The safety concept proceeds from the assumption that the computer, as long as it operates faultlessly, will recognize errors in the control channels and, through corrective reaction can restore the system under its control into a safe condition. However, the functional reliability hereby ultimately still depends upon possible sources of error in the computer. Computer malfunctions can be limited in duration (for instance, power supply disruptions, crosstalk) or permanent (for instance, component failure). Typical fault conditions may result from stoppage of the computer (system pulse failure), when the computer runs in an endless loop; from data errors, particularly dynamic errors, dependent upon predetermined bit combinations; through a defective arithmetic unit so that commands (for instance, comparisons) can no longer be correctly executed; and from changes in the software, also in software redundancy through defective program memories.
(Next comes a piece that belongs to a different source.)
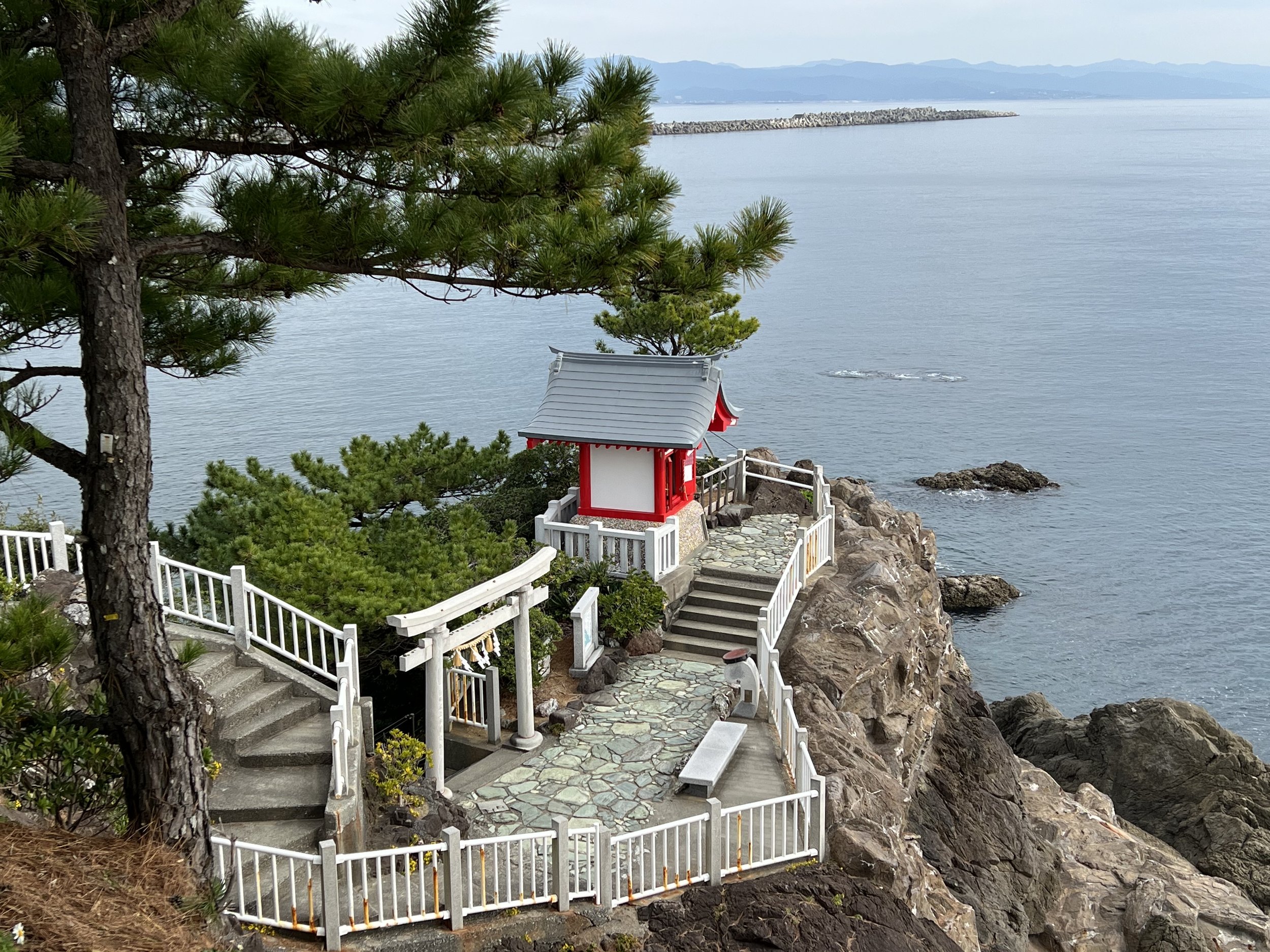 Watatsumi Shrine sits on a hill overlooking the Pacific Ocean and is dedicated to the sea deity Watatsumi, often depicted as a dragon god who governs the ocean and tides. With red shrine buildings framed by pine trees and set against the deep blue of the ocean, the contrast of colours is especially striking. From the shrine, I continued along the trail toward Kochi Lighthouse. Although the lighthouse itself is not open to visitors, it’s possible to get close enough to see it clearly.

2. Discussion of the Prior Art
Through the utilization of two or more computers (multiprocessor systems) which mutually monitor each other, the functional reliability can be increased, but only with a considerable demand, inasmuch as for the exclusion of system errors, in general there are required diverse hardware and software (Dissertation by Knornschild, RTP 1981, Volume 8).
However, for general applications, the condition of the process under control is described not only through logical conditions (for example, switch positions, limit transducers), but also through continual parameters. This fact further restricts the applicability of a multiprocessor system because the coincidence of several computers cannot be verified by trivial comparisons at bit pattern levels, but L only through comprehensive, additional software procedures.
More readily controllable is a single computer which is more satisfactory from the standpoint of development and also manufacturing costs and which, for error protection, is coupled to a control unit. A simple procedure which is normally used for this purpose is based on the "watchdog" concept, adopted to await an always uniform report from the computer within a periodic time frame. However, this will generally only verify as to whether the computer is still at all operating but not whether it is properly operating in its essential functions and correctly executes commands that are relevant to safety. Watchdog circuits incorporating retriggerable trigger elements will, as a rule, detect only the first two of the above-mentioned error conditions (lack of a life signal). Nevertheless, this installation fails to detect, or detects with inadequate certainty, the remaining potential error conditions. Moreover, in most of the control circuits of this type a failure of the circuit itself will remain undetected.
Precisely for applications which are relevant to safety, however, in which jeopardy to personnel and systems must be precluded with a maximum of certainty, the detection of these failures is a necessity which can be achieved only by monitoring through additional problem-oriented hardware.